Where does the word "організації" occur in the data below? Copy each line that holds it.

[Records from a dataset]
= Beginning of Section =

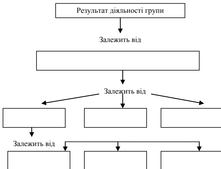
Рис. 2.1. Ефективність комунікацій в організації

Вихідні дані. На рисунку 2.1 наведено ієрархію комунікацій між членами колективу всередині компанії. У таблиці 2.3 наведені характеристики, що визначають ефективність комунікацій між членами колективу організації.
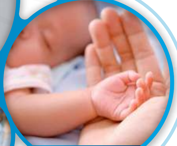
Fertilisation in vitro
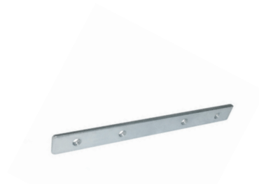
Soporte metálico de montaje para fijar perfiles ECO-ES180H-M1 Metal mounting bracket to join profiles
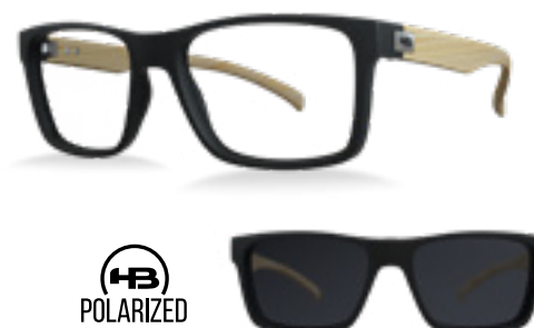
Matte Navy Polarized Gray Ref. 10103390312032

= End of Section =

_Written solution:_
Рис. 2.1. Ефективність комунікацій в організації
Вихідні дані. На рисунку 2.1 наведено ієрархію комунікацій між членами колективу всередині компанії. У таблиці 2.3 наведені характеристики, що визначають ефективність комунікацій між членами колективу організації.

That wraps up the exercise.